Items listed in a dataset

● ● ● ●

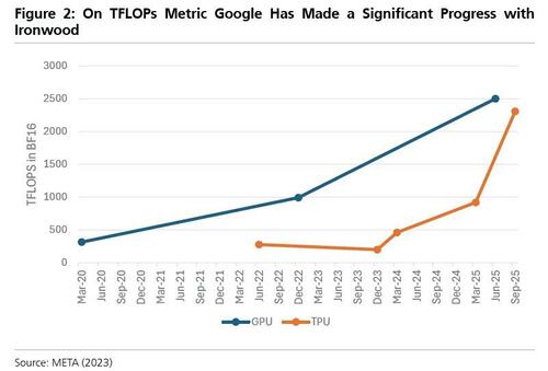 Here UBS chimes in that while the bank expects Google is open to the idea of broadening TPU ecosystem over time, any efforts to do so must limit potential cannibalization of GCP revenues. From that standpoint META and AAPL are both prime candidates for internal TPU capacity as they have large AI efforts supporting internal workloads, vast internal AI fleets, and relatively small levels of reliance on GCP (limiting risk to GCP AI cloud revenues). Furthermore, TPU is optimized for the JAX framework but also supports PyTorch through a PyTorch/XLA package, making the integration of META stack relatively easy. Still, any effort to stand up a TPU deployment would have to be weighed against the resources allocated to the META internal ASIC and AMD ramps.
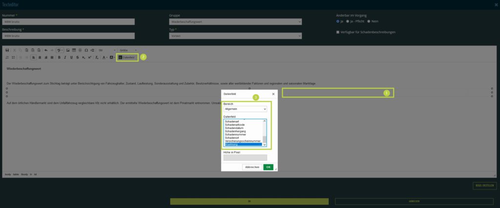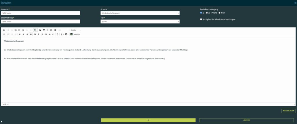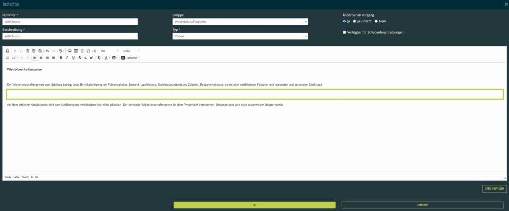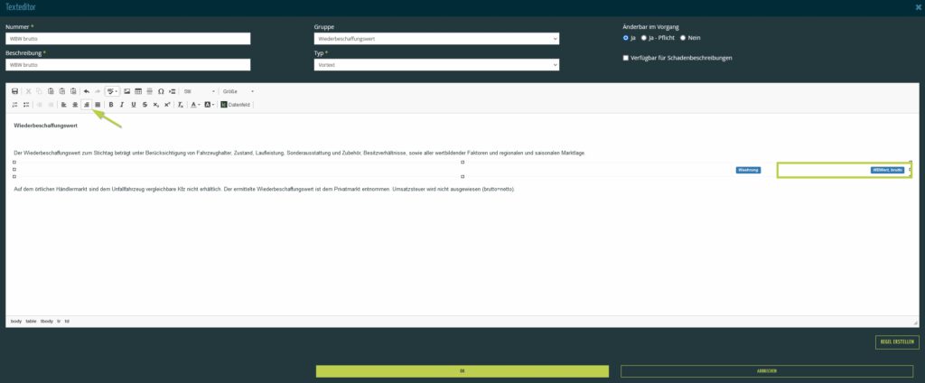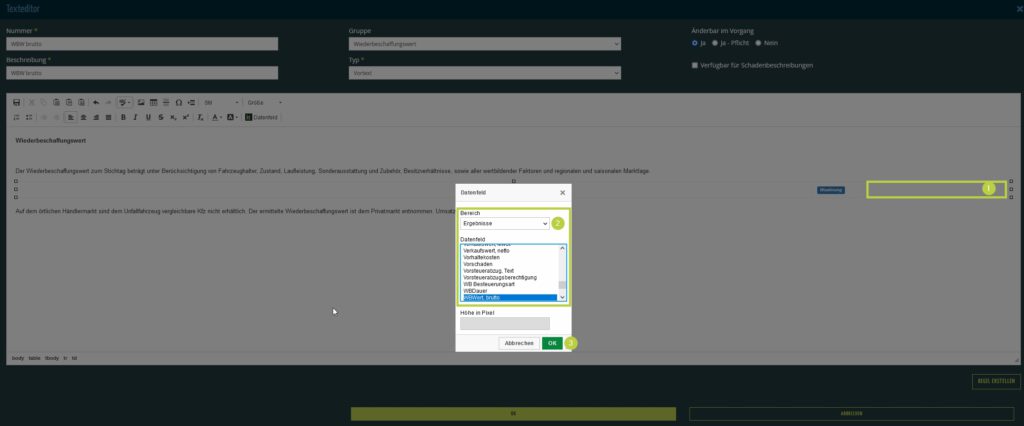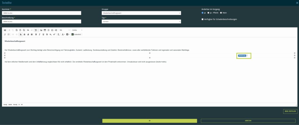 In diesem Beitrag zeigen wir Ihnen, wie man einen Baustein mit Ergebnisfeldern und Text (am Beispiel Wiederbeschaffungswert brutto) korrekt anlegt und formatiert.
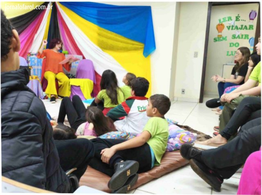 Durante a ação, as crianças puderam assistir à encenação da história “Dragões e Bolhas de Sabão”, conduzida de forma interativa e lúdica. Uma turma da rede municipal de ensino participou da atividade, auxiliando a autora em alguns dos desafios propostos ao longo da narrativa, tornando o momento ainda mais divertido e educativo.
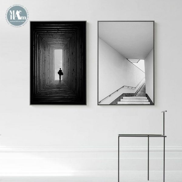 Be the first to review “Nordic Black and white building staircase wall art Canvas Painting posters Prints wall Picture for Living Room Morden Home Decor”
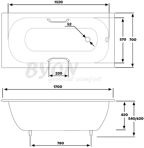 Byon Чугунная ванна BYON B13 170 см с ручками
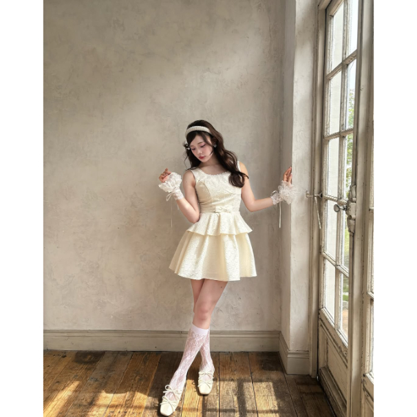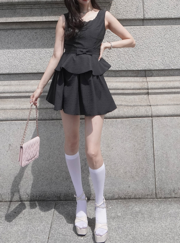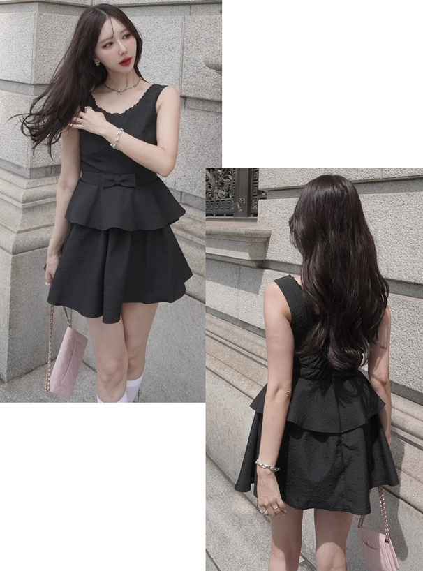 胸型立體剪裁搭配腰間同布蝴蝶結

● ● ● ●

** WORK ITEM **
Could you repeat, exactly and with nothing added, the lines from the top of the entries above through the line that holds "In diesem Beitrag", leaving out any pictures?

** RESULT OF THE EXERCISE **
 Here UBS chimes in that while the bank expects Google is open to the idea of broadening TPU ecosystem over time, any efforts to do so must limit potential cannibalization of GCP revenues. From that standpoint META and AAPL are both prime candidates for internal TPU capacity as they have large AI efforts supporting internal workloads, vast internal AI fleets, and relatively small levels of reliance on GCP (limiting risk to GCP AI cloud revenues). Furthermore, TPU is optimized for the JAX framework but also supports PyTorch through a PyTorch/XLA package, making the integration of META stack relatively easy. Still, any effort to stand up a TPU deployment would have to be weighed against the resources allocated to the META internal ASIC and AMD ramps.
 In diesem Beitrag zeigen wir Ihnen, wie man einen Baustein mit Ergebnisfeldern und Text (am Beispiel Wiederbeschaffungswert brutto) korrekt anlegt und formatiert.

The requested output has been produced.